Shark or Dolphin? How Do You Know? by Melissa Stewart – I enjoyed the way in which Melissa Stewart portrayed the information in this book and recapped it at the end with a comparison illustration. I’m excited to have this series at school now for young nonfiction readers.
The Classroom by Robin Mellom – Trevor Jones is starting his first year at Westside Middle School. He’s been preparing all summer, wanting to start off on the right foot. Everything is suddenly different when his long time video game playing partner best friend Libby tells Trevor he has to get through his first day at Westside alone and that they’re just friends. Libby’s always rescued Trevor from embarrassing situations on the first day of school. On top of that, she gives Trevor a deadline. He doesn’t get along well with deadlines. He has to meet them, no matter what. What deadline has Trevor been given? To get a date to the fall dance before the end of the first day. Trevor draws the ire of a popular boy Libby falls for while Trevor is fascinated and confused by the new girl Molly. Interspersed with short interviews with different students like a documentary movie, The Classroom is a funny read with depth that deals with friendship changes, bullying, teenage relationships, anxiety issues and more. My digital galley of this expired when I had less than 30 pages left so I’ll be waiting to discover the ending. Even without knowing the ending, I recommend this one as a humorous look at what is often a very awkward and confusing time for students. The Classroom comes out in June 2012.
A Boy and A Bear in a Boat by Dave Shelton – When a boy starts taking a ride in Bear’s boat, he has no idea just how long this voyage will take as they cross a seemingly endless sea. The boy is frustrated by their lack of progress, their dwindling food supply and bear’s relative unflappability. (He is also rather terrified of the last sandwich, which seems to have a life of its own). I enjoyed the illustrations. This book comes out in June 2012.

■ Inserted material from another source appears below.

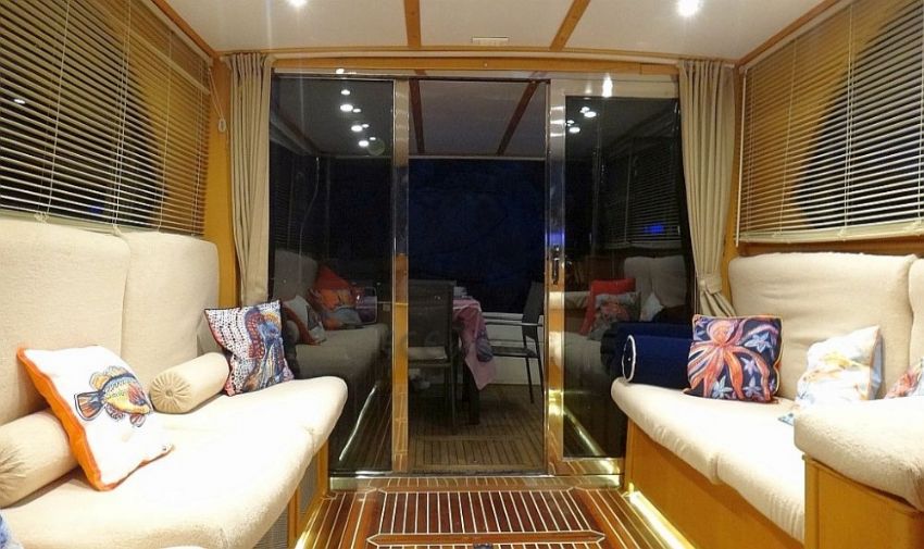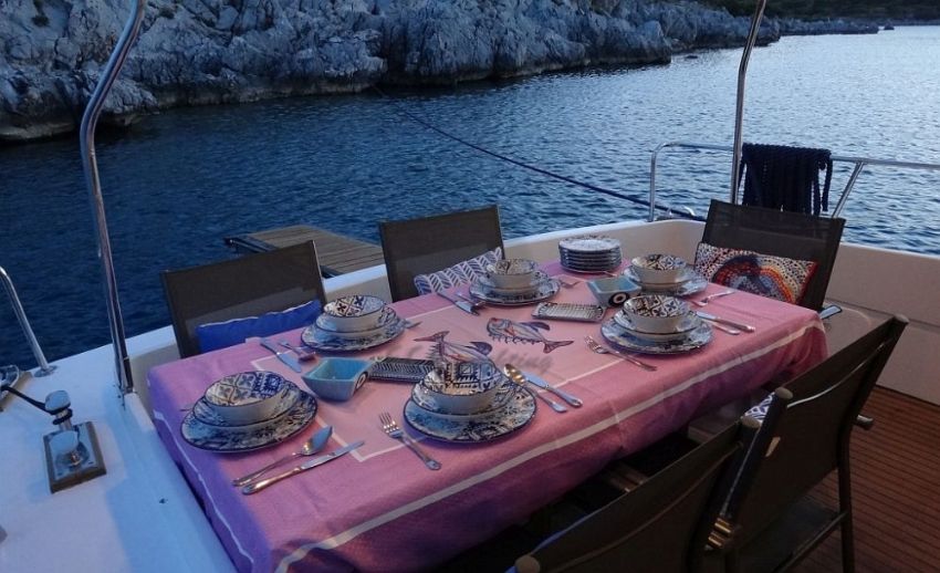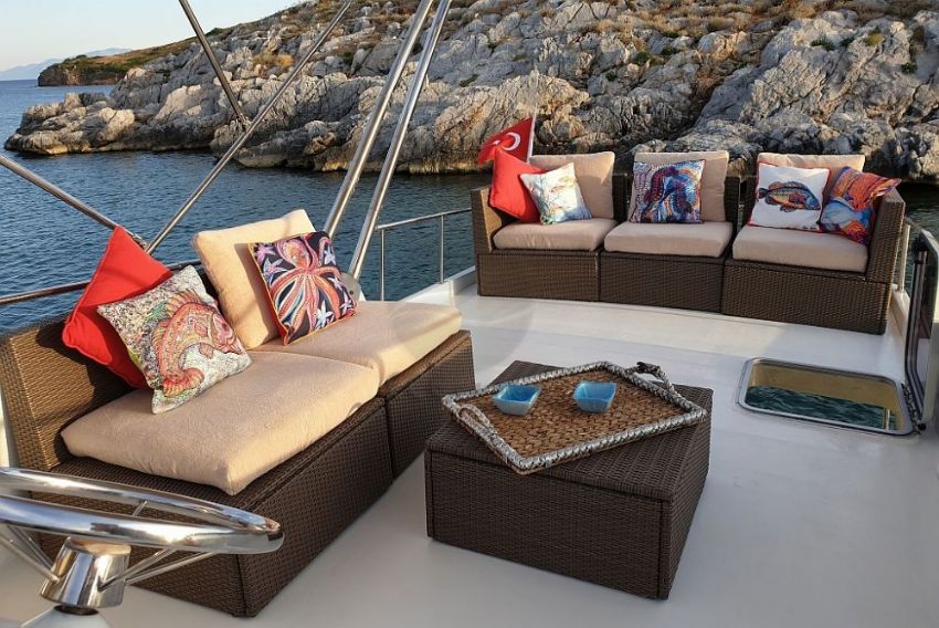 Şnorkel ekipmanları, Balık tutma malzemeleri, Güneş tenteleri, Güneş yatakları, Güvertede duş, Deniz merdiveni

Alice Miranda on Vacation by Jacqueline Harvey – The main character in this book is irrepressible. Nothing gets Alice Miranda down on her trip home, not even when the new boy staying on her parent’s estate is a brute. I think I would have loved this story as a younger reader with its sprawling house, a quirky horse and a girl who sweeps up everyone around her. The supporting characters, especially the cook and the queen, were filled with surprises. I guessed one character twist part way in, but I think I was supposed to do that.
Lies Beneath by Anne Greenwood Brown – Lies Beneath will be released in June 2012. Part of my reaction to finishing this galley was wanting to make something that said Mermaids: The New Vampire. The mermaids in this young adult contemporary fantasy are definitely not Ariel. In the story Anne Greenwood Brown has created mermaids need the positive emotions humans give off. The mermaids get that energy by taking it as they drag humans down under the water.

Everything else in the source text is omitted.